Tourists Vs. Travelers

After a conversation with several co-workers today, we realized that there are only two kinds of people who come to Hawaii. It's very easy to tell who belongs to which group...

A tourist never thinks he's a tourist. A tourist thinks he is directly related to God. A tourist sees any place he goes to visit as his play ground. The place he has chosen to visit is strictly his playground, and anything more is an abomination to him.

He will seclude himself to only a few comfortable areas, and cannot be bothered to explore anything outside of his direct comfort zone.

Since the tourist sees his destination as something that exists purely for his amusement, he has no respect for the time of anyone else (even other tourists), the feelings of anyone else, the cleanliness of anyone's space or property, or the fact that he is an outsider in another person's home.
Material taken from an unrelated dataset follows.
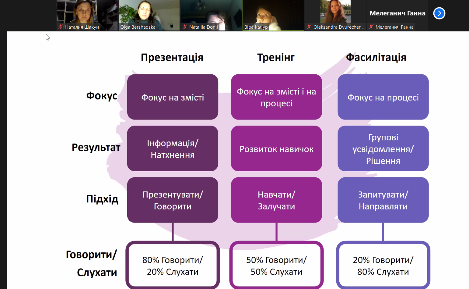 - визначали відмінності презентації, тренінгу та фасилітації;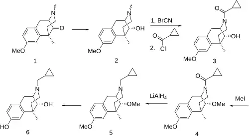 Reduction of the carbonyl group in oxygenated benzomorphan 1 affords the corresponding alcohol (2). This intermediate is then N-demethylated by means of BrCN. Acylation with cyclopropylcarbonyl chloride[6][7] gives the amide (3). The alcohol is then converted to the ether by treatment with MeI and base (4). Treatment with LiAlH4 serves to reduce the amide function. Cleavage of the phenolic ether by one of the standard schemes affords moxazocine (6).

Now, this means that a tourist will only really encounter people in some kind of "service" industry. And those people, to him, no matter how he encounters them, exist to serve him. If a tourist encountered me (a stranger) in public, and asked me a question for which I did not provide an appropriate answer, I'd probably get lots of expletives and the finger.

Then there are Travelers. I love Travelers:

The Traveler is a person with a true love for life. The traveler wants to really experience every drop of the world around him that he can fit into a single lifetime. The traveler sees every person he encounters, whether in the service industry or not, as a fellow brother in his global family. He treats just about everyone that way, too. When it comes to really experiencing a new culture, he is in it to win it.
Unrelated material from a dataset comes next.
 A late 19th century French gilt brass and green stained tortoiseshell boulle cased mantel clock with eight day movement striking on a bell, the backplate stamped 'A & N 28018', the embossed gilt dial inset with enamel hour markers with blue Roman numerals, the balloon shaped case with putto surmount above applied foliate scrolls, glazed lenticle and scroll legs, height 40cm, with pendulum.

The traveler doesn't care how dirty he gets, how messy his burger is, or whether or not he and his wife have matching aloha shirts on. He will never be rude at dinner, and will try any of the local fare offered to him, no matter how odd looking or smelly. He sees brush-ups with danger as an exhilarating opportunity that will give him great stories to tell his kids.

A traveler, though usually less financially endowed than a tourist, doesn't act like a cheap jerk. He doesn't complain about the price of rental gear, food, or transportation. He doesn't try to get freebies. He's just in it for the ride, and if he can afford the tools to enhance his experience, he probably won't think twice about it.

The traveler knows no strangers, and makes friends with just about everyone he encounters.

Friday, June 11, 2010

When Vog Changes Things

There are many things I love about kona. One, I love that EVERYONE pulls over for emergency vehicles. Aloha spirit is a team effort thing: if someone needs help everyone helps by not slowing things down.

Things I don't like: vog, vog, and vog.

When I get up for an AM shift, before the wind pulls he sulfur gas over here. Kona is beautiful. A big mountain covered in green, up against an open seascape. You can see every kind of tropical bird or plant. Truly lovely. But around 11 am the vog rolls in. Sometimes so thick it looks like a storm cloud hellbent on blocking out the sun (but trapping in heat). It changes Kona from a lush island to a fairly dark grey hill with almost no visibility.

Then, come 6 pm, it's beautiful again.

Now, it's not always like that. Some days it's clear round the clock. And sometimes it rolls in while we are sleeping.

The worst change it has made is to my health. Constant sore throat, shortness of breath, coughing stuff out.

Now. It started to spew from the volcano randomly. In the 80's. It could possibly stop all together one day.

The whole vog issue may change our minds about going through with buying a home in kona right now. On the downside, if a doctor can't help me, we'd be committed to living somewhere bad for my health. On the upside, if the vog decided to quit it's nastiness one day, I would be happy and healthy AND my home will triple in value.

Decisions decisions...

Guess it's a moot point for now til we hear from our #1, which is a short sale.


P.S.short sale is real estate jargon for "half of all eternity."